The ancient route! |
We made the huge mistake of carrying all the
way, heavy bags which contained two pairs of dresses and blankets which weren't
needed at all. Because of this heavy luggage we had to halt at so many places
to take rest. We ate chocolates and drank water to gain energy. As we headed
further we could see the giant Bhagirathi mountains from a distance… it was a
remarkable view. We had to reach near those mountains by the end of the day.
That’s an awful lot of distance to cover, I thought.
Bhagirathi Mountains in the distance, Ganga flowing at right side |
We passed
many people coming from Gaumukh, most of the them foreigners. This trekking
route is one of the ancient routes in the world where civilized men travelled through
thousands of years before. Its beauty is surreal, the accessibility for us Indians
is very easy since it is in our country. Yet the fact that very few Indians
visit here compared to the foreigners disappointed me. The foreigners hire
porters to carry their luggage. Some of them travel all the way to Badrinath
from Gangotri which could take up to 10 days. May be next time I thought.
The trekking continued. I had walked 7 km at
night for second show movies after bunking hostel during my college days, but
this was different. My shoulders began to ache because of the baggage, and my
heart was beating fast. We drank a lot of water on the way. There was no
shortage of resource to replenish once the bottle was finished. There were plenty
of small water falls coming down the mountains on the way. The water was so
pure and cold. It was a sunny day, even though a cold breeze blew throughout
the day. We used sun block to avoid sun burn.
Water streams coming to Ganga from mountains nearby |
After 9 kms, we reached a check post. After
lunch there, we resumed our journey. Soon after, we passed through some areas
where there was a high chance of landslides to occur. Jayveer told us to walk fast.
As we went a little bit further we saw a few fellow natives but they weren’t
people. They were goats which live in those mountains. Some of them just looked
relaxed and was monitoring our journey from the top of a rock! The change of
geography was very clear as we walked further. The vegetation that we saw in
the banks of Ganga earlier was becoming less and less and it was rubbles everywhere.
After 14 km we finally reached the place called Bojwasa - our pit stop for the
day. Bojwasa is the base camp for the trekkers en route to Gaumukh. At Bhojbasa
there is an Ashram called ‘Lal Baba Ashram’ for travellers to stay, and also a government
lodge and a police station. Jayveer arranged a room for us in the Ashram. There
were a lot of foreigners staying there. We got into our room to put all our
things there and went to the cafeteria to have tea. The rate at the ashram is
Rs 300 per person for a day which includes food. We had lunch (again) there (rice
and dal curry). Just after finishing lunch we immediately went back to the room
to take rest.
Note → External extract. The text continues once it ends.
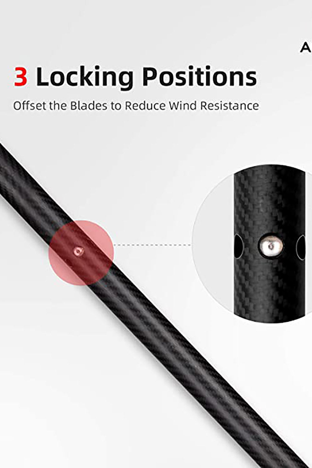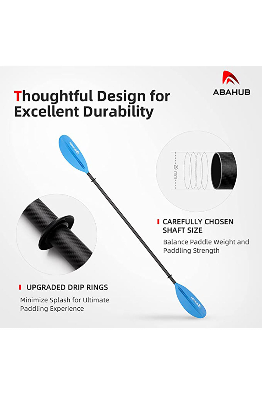 - CARBON DESIGN - LIGHTWEIGHT & DURABLE: Made of premium quality 1.25mm thick, 29mm diameter carbon fiber composite shaft, and fiberglass-reinforced polypropylene blades, this kayak paddle is impact and erosion resistant, thus for great durability. It weighs only 33 oz and is perfect for beginner and intermediate kayakers.
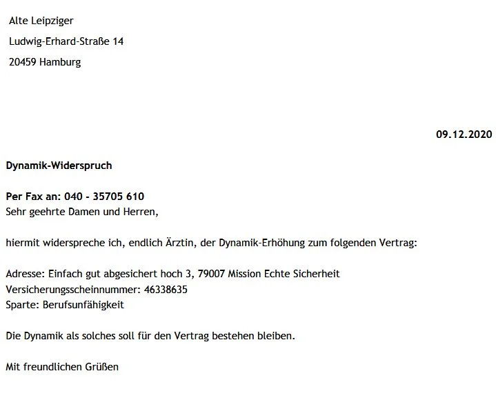 Die Beitragsdynamik ist jederzeit separat kündbar und es kann ihr mit einer großzügig festgelegten Frist widersprochen werden. Eine andere Regelung führt bei den meisten Anbietern ebenfalls zu einem Ende der Dynamik. Die Standardregelung am Markt ist, dass die Beitragsdynamik 2 mal in Folge abgelehnt werden kann, bei einem 3. Widerspruch entfällt das Recht auf die jährlichen Erhöhungen von Leistung und Preis ohne erneute Risikoprüfung. Es gibt auch kundenfreundlichere Regelungen, z.B. bei Alte Leipziger und LV 1871 (Bedingungen seit 05/2020), wo ein Widerspruch beliebig oft erfolgen kann, ohne das Recht zu verlieren. Beim HDI (09/2019) darf 4-mal in Folge widersprochen werden.

We were so exhausted and I had a severe head ache also.
Lal Baba Ashram Bhagirathi mountains are behind |
Around 6 clock we woke up and went outside. It
was getting dark as the sun was already behind the tall mountains. At the ashram
dinner was served at 6.30pm. All of us
who stayed in the ashram assembled there and had dinner. Some of the foreigners
were struggling to have food without spoon and knife. But the most difficult
part was to wash hands in the ice cold water after dinner. We met two Malayalees
there, in their mid-thirties. We talked to them for some time and then went
outside.
We looked up at the sky, this
time the view was much more spectacular. Millions of stars were shining in the
dark sky in different colours. But the most astonishing thing was not the
normal stars but the arrangement of stars that were grouped in a certain pattern
as a thick line which split the entire sky, known as the 'Milky Way'. Milky Way
is the galaxy (group of stars) in which our solar system is included. We could
clearly see the bright white light of the Milky Way in the sky. I always wonder
how our ancestors wrote and studied about Milky Way when there weren’t any
telescope in the ancient times. Now I know the answer. The light pollution back
home is clearly hiding the sight of this spectacular natural phenomenon. We lay
down there for a few more minutes for a little space exploration. I remembered how
long ago on my 8th birthday my dad gave me a book about the space
exploration and stars named “Manathunokkumbol” . That day we lay down in the
farm at night as he told me about the ‘Orion belt’ and a few other star groups.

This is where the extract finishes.